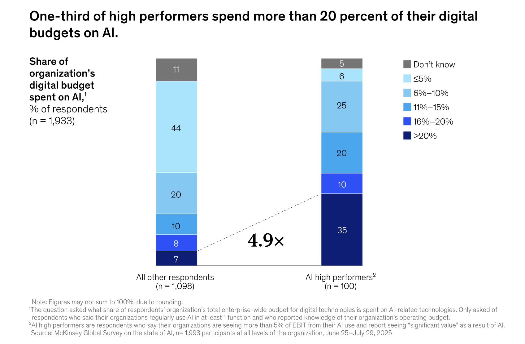 Yönetim tarafında yüksek performanslı şirketlerde üst düzey yöneticilerin yapay zeka girişimlerine sponsor olduğu, model çıktılarının nerede mutlaka insan kontrolünden geçmesi gerektiğine dair süreçlerin tanımlandığı ve dijital bütçenin ciddi bir bölümünün yapay zeka projelerine ayrıldığı belirtiliyor. Bu grupta şirketlerin üçte birinden fazlası dijital bütçesinin yüzde 20’sinden fazlasını yapay zekaya ayırıyor.
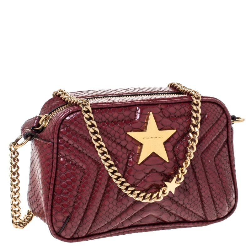 Carefully designed to evoke a grand and stately look, this python-embossed faux leather bag is sure to make heads turn. Its exterior is accented quilted patterns and a gold-tone star motif at the front face. The faux suede lining ensures an immaculate finish. It is complete with a gold-tone chain-link shoulder strap. Fall in love with this absolutely amazing bag from Stella McCartney.
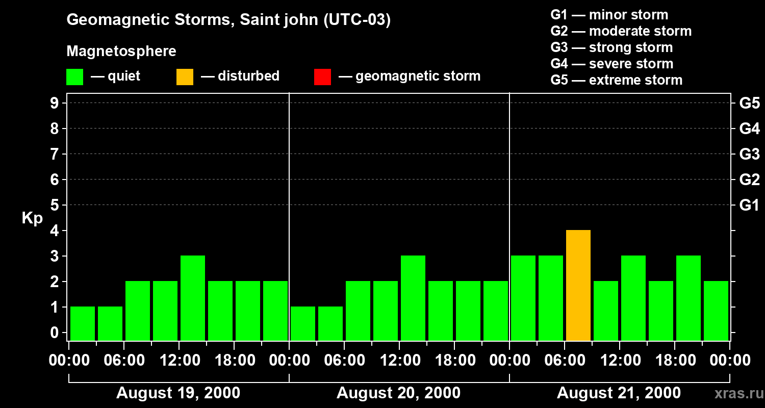 Geomagnetic storms in Saint john — Aug 21, 2000
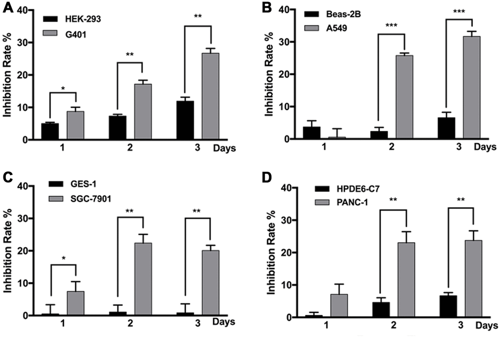 All tumor cell lines used in this study were anaplastic cells derived from highly malignant cases, and non-malignant cell lines derived from the corresponding normal tissues were used in comparison. Most cell lines responded to MF exposure; however, compared with the non-malignant counterparts, the tumor cells were more susceptible to MF-induced inhibition. In Figure 1, on day 1 after 2 h of exposure, inhibition rate in nephroblastoma G401, lung epithelial cancer A549, gastric cancer SGC-7901, and pancreatic cancer PANC-1 was all significantly higher than the corresponding normal cell lines. Inhibition persisted to day 2 and 3, with accumulated MF exposure for 4 and 6 hours respectively. Peak inhibition rates of 20-30% were achieved: 29% in G401 on day 3, 30% in A549 on day 3, 22% in SGC-7901 on day 2, and 24% in PANC-1 on day 3. The most MF-sensitive normal cell line was human embryonic kidney cell HEK293, in which peak inhibition was 12% on day 3 (Figure 1A), while gastric epithelial cell GES-1 remained totally resistant to MF exposure (Figure 1C). It is noted that in the repeated experiments performed in this project, tumor inhibition on exposure day 1 was not always significant, due to the sometime high data deviation. However, same trend of MF-induced inhibition was constantly observed on day 1. Tumor inhibition on exposure day 2 and 3 was always significant since higher inhibition rates had been achieved.
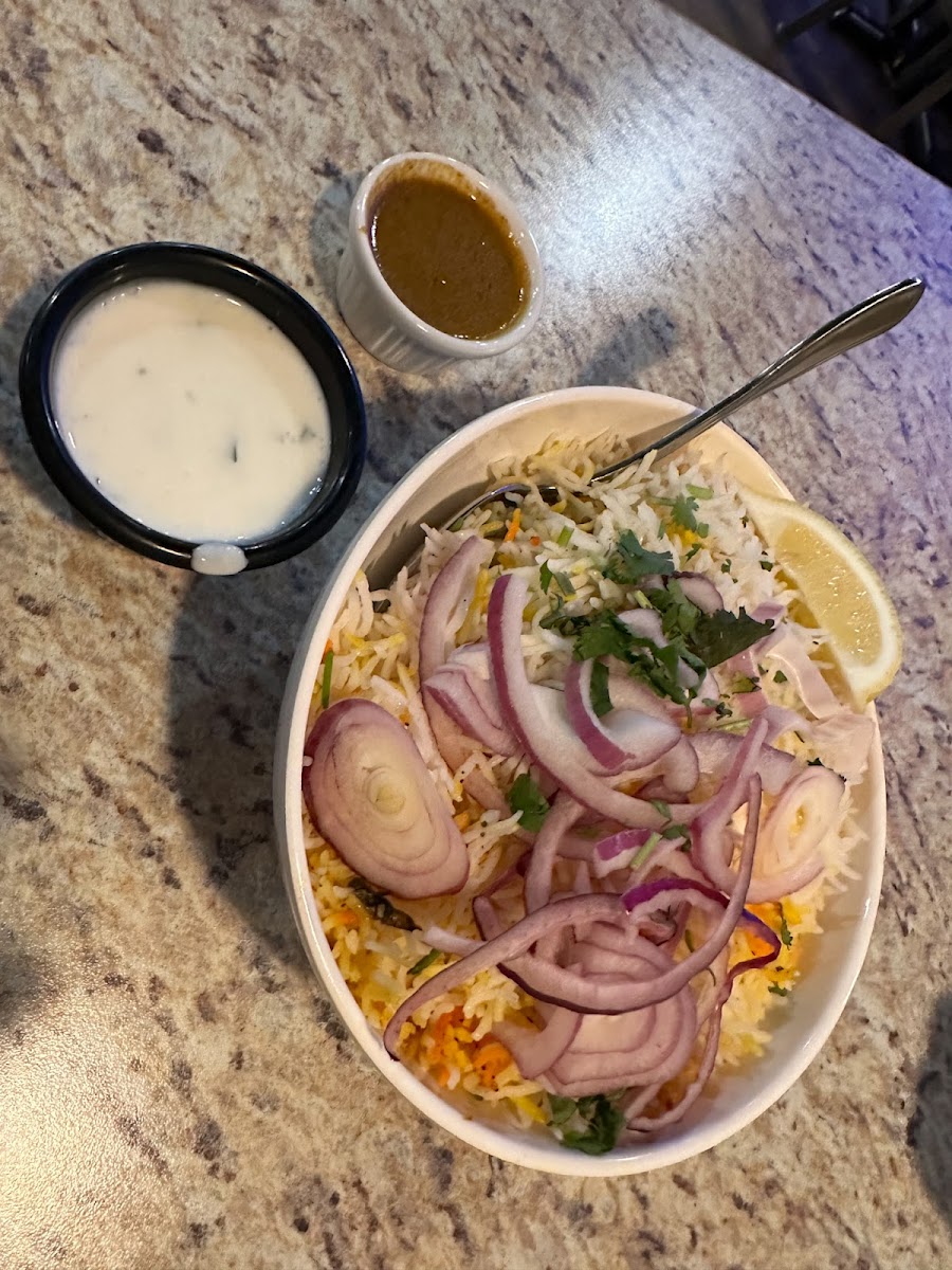 The menu leans heavily into traditional Indian cuisine, with biryani clearly taking center stage. Biryani itself isn’t just rice and meat thrown together; according to culinary research from the Indian Council of Cultural Relations, authentic biryani relies on a layered cooking method where rice and protein steam together, locking in spices and moisture. You can taste that technique here. The chicken biryani arrives with long-grain basmati rice, tender meat, and spices that are bold without being overwhelming. When the server described it as slow cooked and layered with spices, that wasn’t just sales talk-it showed in every bite.
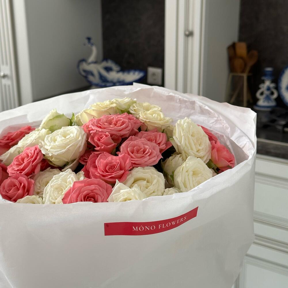 Кустовая роза – 20 шт.Упаковка дизайнерская – 1 шт.Транспортировочная коробка – 1 шт.Открыточка с вашими пожеланиями – 1 шт.
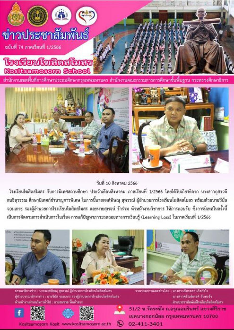 โรงเรียนโฆสิตสโมสร รับการนิเทศสถานศึกษา ประจำเดือนสิงหาคม ภาคเรียนที่ 1/2566 โดยได้รับเกียรติจาก นางสาวกุสาวดี สนธิสุวรรณ ศึกษานิเทศก์ชำนาญการพิเศษ ในการนี้นายพงศ์พิษณุ สุพรรณ์ ผู้อำนวยการโรงเรียนโฆสิตสโมสร พร้อมด้วยนายวีนัส จอมเกาะ รองผู้อำนวยการโรงเรียนโฆสิตสโมสร และนายสุพจน์ รักร่วม หัวหน้างานวิชาการ ให้การตอนรับ ซึ่งการนิเทศในครั้งนี้เป็นการติดตามการดำเนินการในเรื่อง การแก้ปัญหาภาวะถดถอยทางการเรียนรู้ (Learning Loss) ในภาคเรียนที่ 1/2566 S:0
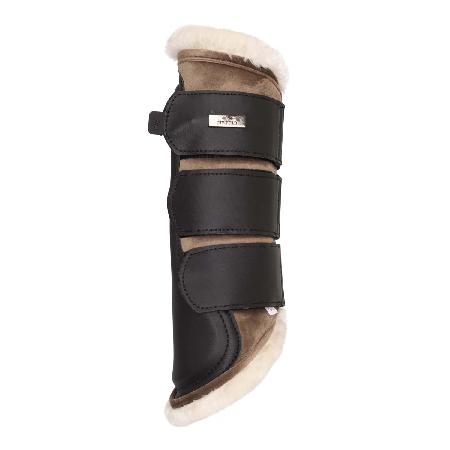 Dressurgamaschen aus luxuriösem Samtmaterial mit einem Futter aus Kunstpelz. Mit kleiner Metallplatte und Gummilabel am oberen Verschlussriemen.
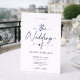 Este refinado convite de casamento branco apresenta um elegante design de roteiro em uma sofisticada fonte azul. O nítido fundo branco cria uma aparência limpa e eterno, perfeita para um casamento romântico e na moda. Personalize-o com seus detalhes para um toque perfeitamente personalizado. Ideal para temas de casamento formais, clássicos e contemporâneos.
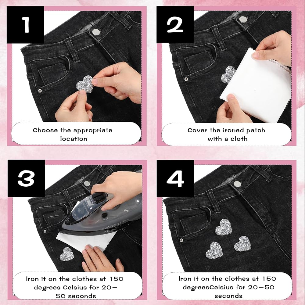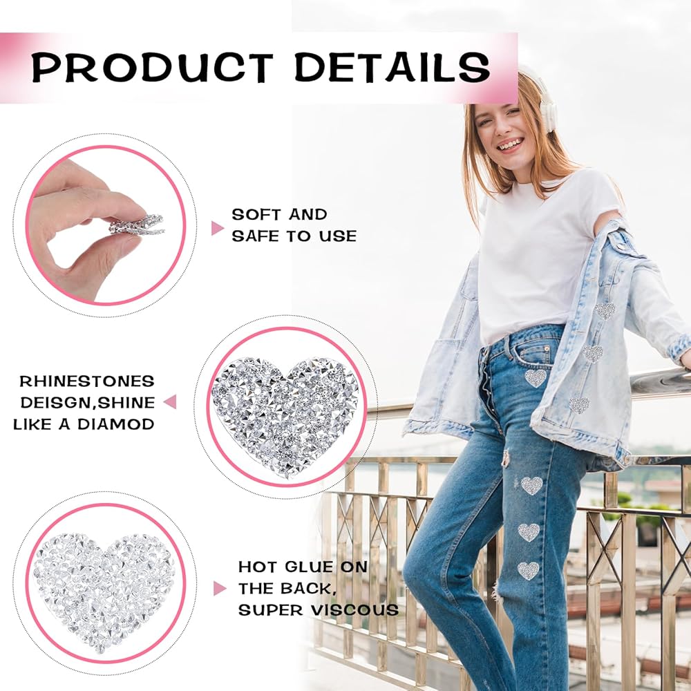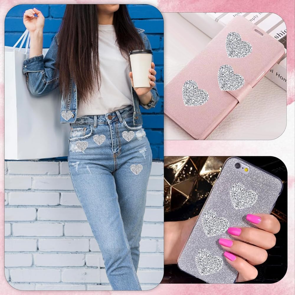 Wide application: The bling heart patches are suitable for repairing and decorating a variety of items such as clothing, T-shirts, jeans, hats, etc., adding personality and attractiveness to your items.

┄┄┄┄┄┄

## Try it
Beginning with the line that holds "Este refinado convite" and ending with the last line of the material above, extract every line exactly, pictures excluded.

## Result of this task
 Este refinado convite de casamento branco apresenta um elegante design de roteiro em uma sofisticada fonte azul. O nítido fundo branco cria uma aparência limpa e eterno, perfeita para um casamento romântico e na moda. Personalize-o com seus detalhes para um toque perfeitamente personalizado. Ideal para temas de casamento formais, clássicos e contemporâneos.
 Wide application: The bling heart patches are suitable for repairing and decorating a variety of items such as clothing, T-shirts, jeans, hats, etc., adding personality and attractiveness to your items.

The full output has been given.